(TASK INSTRUCTIONS):
How do the records below read from their first line through the line containing "Голови Комітету (справа"? Write those lines out exactly.

(Extracted data entries):
▬▬▬▬▬▬
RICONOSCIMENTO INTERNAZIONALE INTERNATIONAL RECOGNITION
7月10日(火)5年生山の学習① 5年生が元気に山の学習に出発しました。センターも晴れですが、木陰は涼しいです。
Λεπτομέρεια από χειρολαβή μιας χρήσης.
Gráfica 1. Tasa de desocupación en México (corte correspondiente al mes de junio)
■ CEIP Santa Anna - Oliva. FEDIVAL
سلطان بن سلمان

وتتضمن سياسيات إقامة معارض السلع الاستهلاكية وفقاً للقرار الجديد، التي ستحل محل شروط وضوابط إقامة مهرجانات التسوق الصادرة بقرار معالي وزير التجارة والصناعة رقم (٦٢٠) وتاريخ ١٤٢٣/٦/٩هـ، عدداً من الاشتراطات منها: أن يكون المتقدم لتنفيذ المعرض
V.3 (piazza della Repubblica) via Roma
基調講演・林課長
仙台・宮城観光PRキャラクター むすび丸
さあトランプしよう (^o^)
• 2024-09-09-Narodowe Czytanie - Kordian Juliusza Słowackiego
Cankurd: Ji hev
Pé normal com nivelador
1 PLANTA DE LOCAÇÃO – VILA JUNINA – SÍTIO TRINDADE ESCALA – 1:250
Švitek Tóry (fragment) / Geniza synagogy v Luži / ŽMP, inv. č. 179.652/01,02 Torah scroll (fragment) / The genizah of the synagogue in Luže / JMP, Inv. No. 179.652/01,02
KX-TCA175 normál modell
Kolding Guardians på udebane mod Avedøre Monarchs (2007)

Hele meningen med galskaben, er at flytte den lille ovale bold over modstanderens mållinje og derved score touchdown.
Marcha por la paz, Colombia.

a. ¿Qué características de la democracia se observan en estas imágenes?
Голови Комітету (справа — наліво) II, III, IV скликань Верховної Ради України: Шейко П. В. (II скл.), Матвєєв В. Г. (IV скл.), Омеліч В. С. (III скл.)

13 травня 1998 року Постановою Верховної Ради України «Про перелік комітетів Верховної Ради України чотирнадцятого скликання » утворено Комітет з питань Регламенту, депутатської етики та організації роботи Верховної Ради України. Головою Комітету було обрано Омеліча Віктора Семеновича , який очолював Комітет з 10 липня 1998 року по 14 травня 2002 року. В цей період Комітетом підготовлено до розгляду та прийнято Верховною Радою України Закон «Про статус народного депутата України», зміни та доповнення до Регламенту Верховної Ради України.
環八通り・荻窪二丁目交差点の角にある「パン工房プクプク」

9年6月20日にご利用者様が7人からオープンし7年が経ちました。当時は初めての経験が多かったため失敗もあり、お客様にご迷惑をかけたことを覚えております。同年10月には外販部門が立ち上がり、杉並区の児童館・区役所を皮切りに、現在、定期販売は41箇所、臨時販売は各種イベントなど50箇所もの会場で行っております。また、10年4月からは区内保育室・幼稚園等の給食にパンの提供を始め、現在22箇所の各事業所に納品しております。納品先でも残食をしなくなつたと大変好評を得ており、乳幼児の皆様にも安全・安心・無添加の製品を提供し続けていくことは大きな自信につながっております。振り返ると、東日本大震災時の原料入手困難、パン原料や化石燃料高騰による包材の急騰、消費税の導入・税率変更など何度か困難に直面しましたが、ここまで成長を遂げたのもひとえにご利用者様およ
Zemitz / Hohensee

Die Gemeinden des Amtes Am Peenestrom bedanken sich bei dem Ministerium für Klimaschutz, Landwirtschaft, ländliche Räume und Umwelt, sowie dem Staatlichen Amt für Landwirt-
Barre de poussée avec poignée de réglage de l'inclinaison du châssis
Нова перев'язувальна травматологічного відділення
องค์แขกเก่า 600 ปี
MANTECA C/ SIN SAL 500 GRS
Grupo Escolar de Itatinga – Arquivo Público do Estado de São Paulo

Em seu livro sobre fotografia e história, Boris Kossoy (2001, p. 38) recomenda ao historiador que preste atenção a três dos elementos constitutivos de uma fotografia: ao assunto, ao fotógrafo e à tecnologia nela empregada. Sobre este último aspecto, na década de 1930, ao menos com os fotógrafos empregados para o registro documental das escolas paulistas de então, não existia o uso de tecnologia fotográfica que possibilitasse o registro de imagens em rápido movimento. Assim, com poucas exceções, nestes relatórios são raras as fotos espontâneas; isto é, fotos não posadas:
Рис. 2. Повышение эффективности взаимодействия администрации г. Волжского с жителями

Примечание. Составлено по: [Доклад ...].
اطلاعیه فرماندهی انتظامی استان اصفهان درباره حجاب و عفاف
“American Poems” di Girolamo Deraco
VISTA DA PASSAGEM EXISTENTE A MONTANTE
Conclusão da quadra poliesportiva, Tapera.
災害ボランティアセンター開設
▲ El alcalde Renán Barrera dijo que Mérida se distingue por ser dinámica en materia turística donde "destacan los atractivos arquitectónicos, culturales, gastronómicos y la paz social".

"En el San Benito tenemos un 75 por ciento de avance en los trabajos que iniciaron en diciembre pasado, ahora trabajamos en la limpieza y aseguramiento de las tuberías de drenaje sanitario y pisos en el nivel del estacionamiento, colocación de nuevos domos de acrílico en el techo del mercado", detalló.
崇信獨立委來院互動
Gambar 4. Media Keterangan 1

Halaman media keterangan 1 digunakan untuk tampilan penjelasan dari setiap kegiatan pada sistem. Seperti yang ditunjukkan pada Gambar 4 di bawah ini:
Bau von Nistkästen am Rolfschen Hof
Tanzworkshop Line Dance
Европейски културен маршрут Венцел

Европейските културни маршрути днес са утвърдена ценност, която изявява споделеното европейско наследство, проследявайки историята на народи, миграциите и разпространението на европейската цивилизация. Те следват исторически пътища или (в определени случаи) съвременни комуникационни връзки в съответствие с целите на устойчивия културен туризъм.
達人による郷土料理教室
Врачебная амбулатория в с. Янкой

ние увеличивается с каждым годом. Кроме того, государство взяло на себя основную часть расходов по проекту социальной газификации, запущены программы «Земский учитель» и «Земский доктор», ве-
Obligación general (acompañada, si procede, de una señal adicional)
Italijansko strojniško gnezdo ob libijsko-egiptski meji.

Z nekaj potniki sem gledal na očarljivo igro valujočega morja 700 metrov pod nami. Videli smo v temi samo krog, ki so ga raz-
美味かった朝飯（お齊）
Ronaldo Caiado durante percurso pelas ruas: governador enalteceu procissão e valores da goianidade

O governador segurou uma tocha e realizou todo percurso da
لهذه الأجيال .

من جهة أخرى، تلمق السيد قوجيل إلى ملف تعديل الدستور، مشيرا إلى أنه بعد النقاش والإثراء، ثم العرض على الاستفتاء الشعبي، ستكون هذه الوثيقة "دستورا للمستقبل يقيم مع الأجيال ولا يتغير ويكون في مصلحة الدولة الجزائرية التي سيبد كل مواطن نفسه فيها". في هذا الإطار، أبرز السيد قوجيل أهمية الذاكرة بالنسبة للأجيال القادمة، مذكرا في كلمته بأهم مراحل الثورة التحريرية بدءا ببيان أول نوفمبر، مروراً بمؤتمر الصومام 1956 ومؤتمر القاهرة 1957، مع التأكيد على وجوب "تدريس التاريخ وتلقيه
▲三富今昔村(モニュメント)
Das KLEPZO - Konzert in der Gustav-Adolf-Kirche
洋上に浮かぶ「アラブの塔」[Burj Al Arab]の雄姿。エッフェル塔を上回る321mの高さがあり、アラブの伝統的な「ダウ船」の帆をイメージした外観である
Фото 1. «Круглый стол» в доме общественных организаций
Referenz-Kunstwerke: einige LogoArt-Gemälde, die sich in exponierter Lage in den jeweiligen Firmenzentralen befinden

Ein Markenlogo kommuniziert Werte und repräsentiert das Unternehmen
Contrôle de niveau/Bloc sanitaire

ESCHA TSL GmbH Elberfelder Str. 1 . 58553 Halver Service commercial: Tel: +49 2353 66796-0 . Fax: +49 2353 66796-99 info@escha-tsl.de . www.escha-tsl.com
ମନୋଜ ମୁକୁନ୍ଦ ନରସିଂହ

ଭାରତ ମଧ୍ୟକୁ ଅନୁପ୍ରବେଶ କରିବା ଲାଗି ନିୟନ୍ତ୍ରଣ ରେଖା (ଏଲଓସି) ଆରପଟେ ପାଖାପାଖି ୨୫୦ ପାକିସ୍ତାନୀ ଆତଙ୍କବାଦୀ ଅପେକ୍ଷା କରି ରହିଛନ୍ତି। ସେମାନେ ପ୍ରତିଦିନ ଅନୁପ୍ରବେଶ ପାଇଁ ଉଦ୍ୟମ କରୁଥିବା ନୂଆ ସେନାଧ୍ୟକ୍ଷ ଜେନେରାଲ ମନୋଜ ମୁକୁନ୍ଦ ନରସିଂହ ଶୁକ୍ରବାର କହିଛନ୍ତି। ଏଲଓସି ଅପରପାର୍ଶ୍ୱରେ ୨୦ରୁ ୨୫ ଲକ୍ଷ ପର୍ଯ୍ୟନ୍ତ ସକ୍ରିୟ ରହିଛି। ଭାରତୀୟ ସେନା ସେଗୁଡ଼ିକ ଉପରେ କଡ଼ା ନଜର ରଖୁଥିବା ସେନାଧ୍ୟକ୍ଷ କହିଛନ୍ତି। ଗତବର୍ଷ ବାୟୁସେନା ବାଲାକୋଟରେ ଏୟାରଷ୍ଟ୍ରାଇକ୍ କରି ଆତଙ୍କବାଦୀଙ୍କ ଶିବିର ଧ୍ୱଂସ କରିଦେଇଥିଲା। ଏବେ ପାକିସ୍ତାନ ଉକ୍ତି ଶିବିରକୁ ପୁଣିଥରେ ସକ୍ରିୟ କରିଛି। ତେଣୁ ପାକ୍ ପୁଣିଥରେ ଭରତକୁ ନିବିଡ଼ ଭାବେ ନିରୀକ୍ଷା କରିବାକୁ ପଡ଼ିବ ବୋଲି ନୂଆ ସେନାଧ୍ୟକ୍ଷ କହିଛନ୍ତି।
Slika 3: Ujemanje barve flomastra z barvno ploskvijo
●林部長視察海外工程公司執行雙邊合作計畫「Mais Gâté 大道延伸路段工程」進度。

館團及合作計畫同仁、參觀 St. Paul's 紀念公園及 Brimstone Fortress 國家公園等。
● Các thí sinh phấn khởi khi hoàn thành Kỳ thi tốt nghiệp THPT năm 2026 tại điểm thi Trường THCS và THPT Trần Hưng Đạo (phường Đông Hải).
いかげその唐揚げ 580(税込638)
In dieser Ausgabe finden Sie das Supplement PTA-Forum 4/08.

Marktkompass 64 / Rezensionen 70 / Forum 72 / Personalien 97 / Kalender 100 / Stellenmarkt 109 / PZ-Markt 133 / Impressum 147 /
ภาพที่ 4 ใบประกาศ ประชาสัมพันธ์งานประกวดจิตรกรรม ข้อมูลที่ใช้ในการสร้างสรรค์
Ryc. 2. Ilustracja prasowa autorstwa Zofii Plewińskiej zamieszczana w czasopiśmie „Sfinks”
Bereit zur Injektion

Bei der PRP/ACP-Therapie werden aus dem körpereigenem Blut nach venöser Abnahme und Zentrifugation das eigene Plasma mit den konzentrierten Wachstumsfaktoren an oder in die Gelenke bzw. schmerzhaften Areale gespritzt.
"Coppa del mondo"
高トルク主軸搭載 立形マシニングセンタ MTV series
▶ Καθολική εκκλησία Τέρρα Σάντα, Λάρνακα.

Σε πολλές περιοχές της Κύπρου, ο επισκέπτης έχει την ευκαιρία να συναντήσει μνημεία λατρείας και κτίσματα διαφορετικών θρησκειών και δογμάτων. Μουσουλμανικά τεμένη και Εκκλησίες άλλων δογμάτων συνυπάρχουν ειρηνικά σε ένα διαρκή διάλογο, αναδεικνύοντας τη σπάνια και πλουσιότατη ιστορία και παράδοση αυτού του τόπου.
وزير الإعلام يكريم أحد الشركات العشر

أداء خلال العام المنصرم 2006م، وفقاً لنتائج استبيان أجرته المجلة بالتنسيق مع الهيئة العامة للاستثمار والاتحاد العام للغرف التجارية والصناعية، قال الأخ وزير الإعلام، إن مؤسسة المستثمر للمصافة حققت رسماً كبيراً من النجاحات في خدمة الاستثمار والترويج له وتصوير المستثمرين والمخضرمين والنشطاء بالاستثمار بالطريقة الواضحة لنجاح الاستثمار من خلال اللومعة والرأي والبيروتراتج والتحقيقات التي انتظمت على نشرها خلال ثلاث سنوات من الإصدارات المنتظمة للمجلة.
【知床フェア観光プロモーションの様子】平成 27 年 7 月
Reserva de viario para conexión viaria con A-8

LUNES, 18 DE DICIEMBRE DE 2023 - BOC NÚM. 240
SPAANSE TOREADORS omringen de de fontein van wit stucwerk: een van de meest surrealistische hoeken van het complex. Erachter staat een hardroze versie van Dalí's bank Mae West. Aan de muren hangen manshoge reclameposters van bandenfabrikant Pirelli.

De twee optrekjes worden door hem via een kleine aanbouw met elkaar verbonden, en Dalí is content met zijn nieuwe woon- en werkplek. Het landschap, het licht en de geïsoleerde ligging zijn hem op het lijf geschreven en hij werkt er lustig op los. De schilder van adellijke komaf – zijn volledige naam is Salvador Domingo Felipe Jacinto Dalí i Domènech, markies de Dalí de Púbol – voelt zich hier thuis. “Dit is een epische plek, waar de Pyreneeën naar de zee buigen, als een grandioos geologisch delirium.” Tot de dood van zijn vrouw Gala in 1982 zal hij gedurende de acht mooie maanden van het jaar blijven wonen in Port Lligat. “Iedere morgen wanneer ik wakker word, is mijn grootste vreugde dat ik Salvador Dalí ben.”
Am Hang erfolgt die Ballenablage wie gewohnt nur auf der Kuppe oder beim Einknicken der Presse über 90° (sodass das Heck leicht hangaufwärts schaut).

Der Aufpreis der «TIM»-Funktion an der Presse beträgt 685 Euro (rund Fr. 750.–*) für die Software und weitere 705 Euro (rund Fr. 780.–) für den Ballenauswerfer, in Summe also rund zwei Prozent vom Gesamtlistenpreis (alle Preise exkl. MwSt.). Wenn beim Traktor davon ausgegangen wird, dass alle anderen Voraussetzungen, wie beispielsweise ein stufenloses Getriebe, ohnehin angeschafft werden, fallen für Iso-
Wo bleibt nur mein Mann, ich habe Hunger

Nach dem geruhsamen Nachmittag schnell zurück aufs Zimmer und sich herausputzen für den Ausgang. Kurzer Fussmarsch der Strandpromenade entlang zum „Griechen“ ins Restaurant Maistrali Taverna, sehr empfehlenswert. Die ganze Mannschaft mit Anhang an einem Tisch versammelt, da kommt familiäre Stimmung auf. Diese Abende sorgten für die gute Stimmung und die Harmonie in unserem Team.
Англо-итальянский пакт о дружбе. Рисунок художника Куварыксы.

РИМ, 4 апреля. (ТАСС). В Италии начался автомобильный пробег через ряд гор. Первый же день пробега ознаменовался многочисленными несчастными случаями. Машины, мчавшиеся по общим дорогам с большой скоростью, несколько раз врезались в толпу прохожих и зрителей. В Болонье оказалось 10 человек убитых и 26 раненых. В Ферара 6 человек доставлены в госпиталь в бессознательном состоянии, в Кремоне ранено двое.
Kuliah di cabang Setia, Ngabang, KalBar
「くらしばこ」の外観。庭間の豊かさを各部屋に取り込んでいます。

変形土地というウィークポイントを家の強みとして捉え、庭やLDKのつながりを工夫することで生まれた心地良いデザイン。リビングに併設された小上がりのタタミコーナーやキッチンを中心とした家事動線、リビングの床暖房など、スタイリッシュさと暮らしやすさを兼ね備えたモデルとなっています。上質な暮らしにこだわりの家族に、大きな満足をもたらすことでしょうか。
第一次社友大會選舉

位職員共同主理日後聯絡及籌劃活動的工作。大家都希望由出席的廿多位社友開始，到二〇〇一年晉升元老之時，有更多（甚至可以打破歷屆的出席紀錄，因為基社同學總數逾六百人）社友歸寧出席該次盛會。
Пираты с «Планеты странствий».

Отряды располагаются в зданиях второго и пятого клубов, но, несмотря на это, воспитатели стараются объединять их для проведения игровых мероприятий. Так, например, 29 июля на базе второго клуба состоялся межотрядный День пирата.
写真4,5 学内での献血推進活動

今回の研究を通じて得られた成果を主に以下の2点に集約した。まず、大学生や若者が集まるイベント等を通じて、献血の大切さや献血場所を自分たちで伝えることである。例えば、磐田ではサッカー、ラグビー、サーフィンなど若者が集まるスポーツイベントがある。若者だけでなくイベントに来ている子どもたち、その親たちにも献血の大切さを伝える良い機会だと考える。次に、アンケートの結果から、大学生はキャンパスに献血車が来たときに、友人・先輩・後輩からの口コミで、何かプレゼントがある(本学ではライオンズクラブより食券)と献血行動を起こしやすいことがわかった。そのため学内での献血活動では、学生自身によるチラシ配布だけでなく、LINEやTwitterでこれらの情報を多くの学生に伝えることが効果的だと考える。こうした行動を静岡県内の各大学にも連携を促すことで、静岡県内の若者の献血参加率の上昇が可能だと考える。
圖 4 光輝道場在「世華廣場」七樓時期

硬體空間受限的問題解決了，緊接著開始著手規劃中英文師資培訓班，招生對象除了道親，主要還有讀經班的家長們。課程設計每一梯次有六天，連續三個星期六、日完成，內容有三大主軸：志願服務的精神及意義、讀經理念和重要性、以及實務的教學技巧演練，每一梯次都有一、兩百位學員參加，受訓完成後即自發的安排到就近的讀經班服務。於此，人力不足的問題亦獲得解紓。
▬▬▬▬▬▬
(REPLY):
RICONOSCIMENTO INTERNAZIONALE INTERNATIONAL RECOGNITION
7月10日(火)5年生山の学習① 5年生が元気に山の学習に出発しました。センターも晴れですが、木陰は涼しいです。
Λεπτομέρεια από χειρολαβή μιας χρήσης.
Gráfica 1. Tasa de desocupación en México (corte correspondiente al mes de junio)
■ CEIP Santa Anna - Oliva. FEDIVAL
سلطان بن سلمان

وتتضمن سياسيات إقامة معارض السلع الاستهلاكية وفقاً للقرار الجديد، التي ستحل محل شروط وضوابط إقامة مهرجانات التسوق الصادرة بقرار معالي وزير التجارة والصناعة رقم (٦٢٠) وتاريخ ١٤٢٣/٦/٩هـ، عدداً من الاشتراطات منها: أن يكون المتقدم لتنفيذ المعرض
V.3 (piazza della Repubblica) via Roma
基調講演・林課長
仙台・宮城観光PRキャラクター むすび丸
さあトランプしよう (^o^)
• 2024-09-09-Narodowe Czytanie - Kordian Juliusza Słowackiego
Cankurd: Ji hev
Pé normal com nivelador
1 PLANTA DE LOCAÇÃO – VILA JUNINA – SÍTIO TRINDADE ESCALA – 1:250
Švitek Tóry (fragment) / Geniza synagogy v Luži / ŽMP, inv. č. 179.652/01,02 Torah scroll (fragment) / The genizah of the synagogue in Luže / JMP, Inv. No. 179.652/01,02
KX-TCA175 normál modell
Kolding Guardians på udebane mod Avedøre Monarchs (2007)

Hele meningen med galskaben, er at flytte den lille ovale bold over modstanderens mållinje og derved score touchdown.
Marcha por la paz, Colombia.

a. ¿Qué características de la democracia se observan en estas imágenes?
Голови Комітету (справа — наліво) II, III, IV скликань Верховної Ради України: Шейко П. В. (II скл.), Матвєєв В. Г. (IV скл.), Омеліч В. С. (III скл.)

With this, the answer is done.